This work addresses computational inefficiency in large language model (LLM) inference, where redundant token generation wastes resources. We propose a latent-trajectory–based early path screening method that dynamically predicts the success probability of candidate reasoning paths during autoregressive decoding. Our core innovation is the Latent-Trajectory signal—a lightweight metric quantifying three aspects of hidden-state evolution: (i) initial-to-final representation divergence, (ii) cumulative intermediate variation, and (iii) convergence toward the final state. Unlike conventional confidence scores or majority voting, this signal enables robust path pruning and answer selection across multiple parallel sampling trajectories. Experiments on standard reasoning benchmarks demonstrate a 2.6% absolute accuracy gain while reducing total token consumption by 70%, significantly improving both inference efficiency and effectiveness under test-time scaling.

Reasoning models improve their problem-solving ability through inference-time scaling, allocating more compute via longer token budgets.

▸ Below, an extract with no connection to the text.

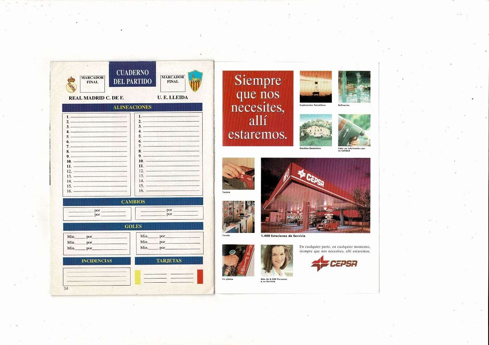 Real Madrid v Lleida La Liga Ist Division Football Programme 1993/94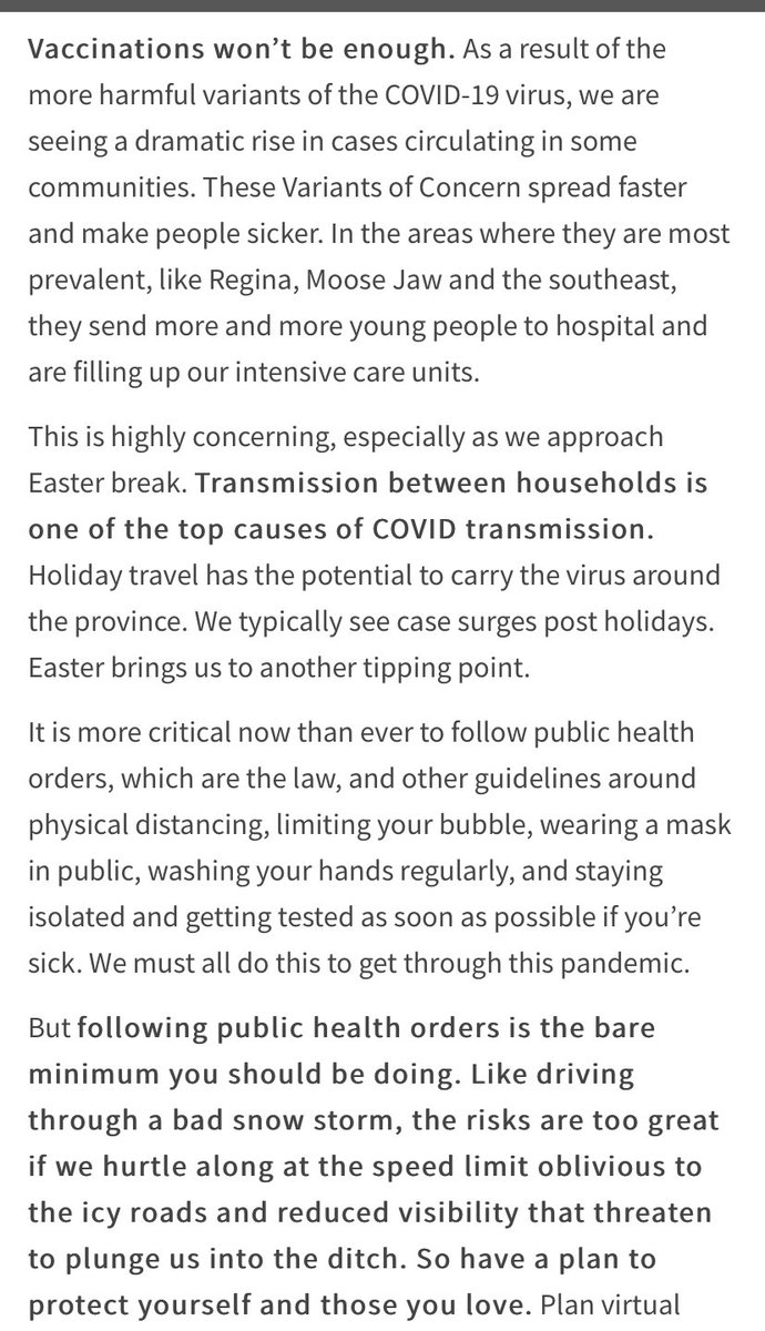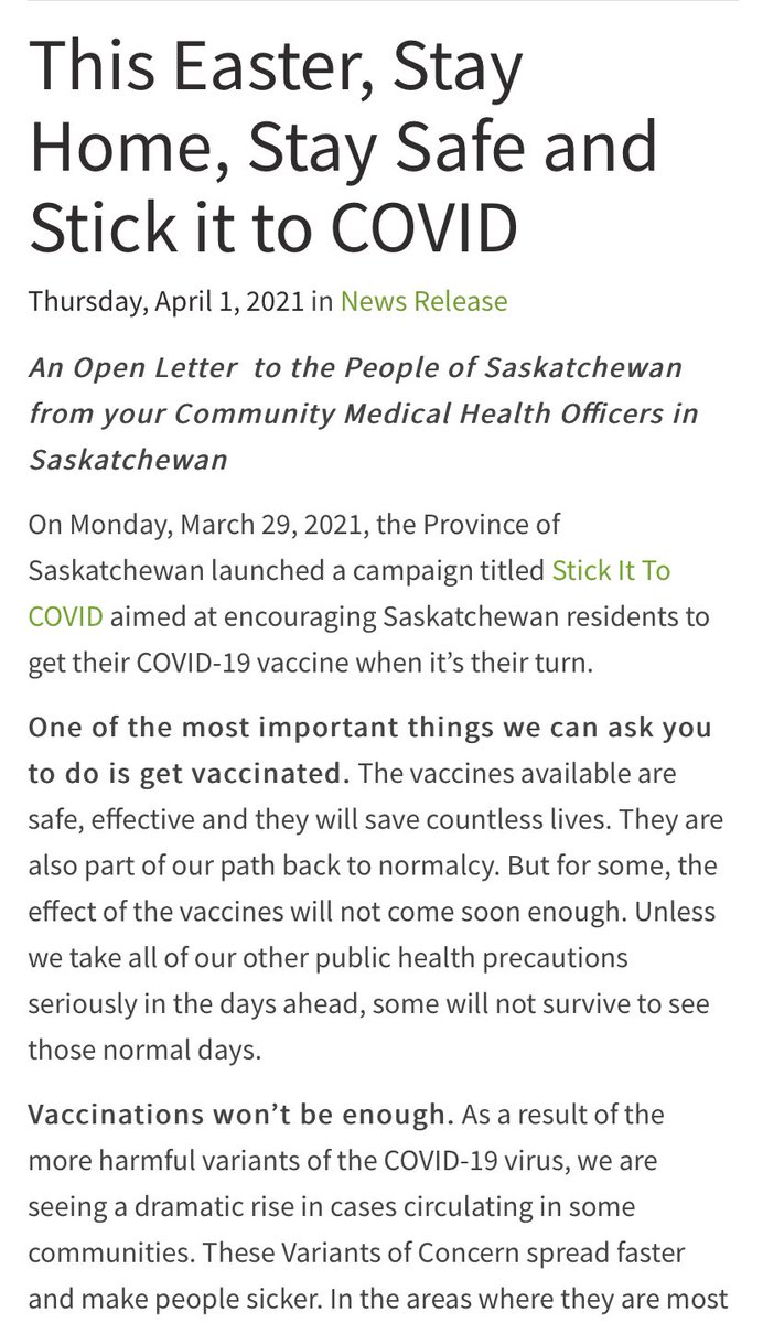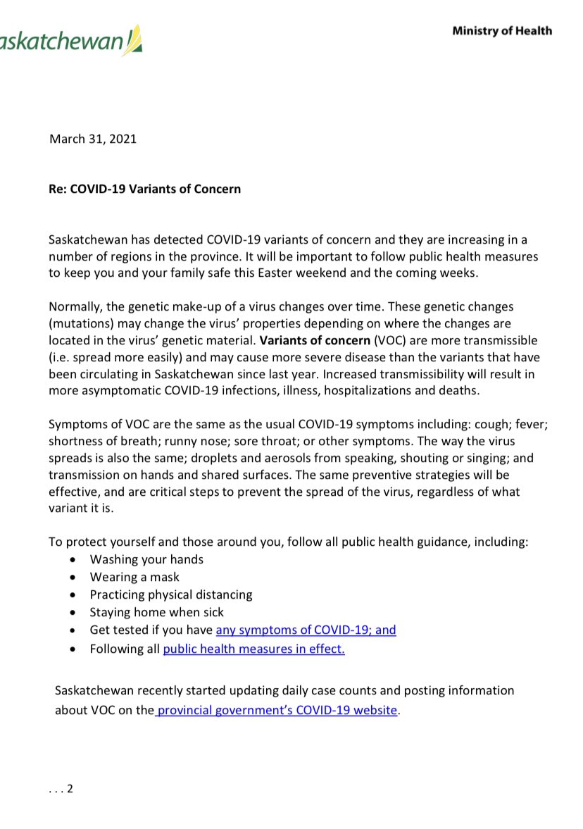 This is on the health authority website, linked to on the same email, and is signed by all the medical officers of health in the province.

Identifying which reasoning traces are likely to succeed remains a key opportunity: reliably predicting productive paths can substantially reduce wasted computation and improve overall efficiency. We introduce Latent-Trajectory signals that characterize the temporal evolution of a model's internal representations during the generation of intermediate reasoning tokens. By measuring the overall change in latent representations between the start and end of reasoning, the change accumulated across intermediate steps, and the extent to which these changes advance toward the final state, we show that these signals predict solution accuracy more reliably than both cross-layer metrics and output-based confidence measures. When used to guide answer selection across multiple sampled generations, Latent-Trajectory signals make test-time scaling more effective and efficient than majority voting, reducing token usage by up to 70% while preserving and even improving accuracy by 2.6% on average. Moreover, these predictive signals often emerge early in the reasoning trace, enabling early selection and allocation of compute to the most promising candidates. Our findings contribute not only practical strategies for inference-time efficiency, but also a deeper interpretability perspective on how reasoning processes are represented and differentiated in latent space.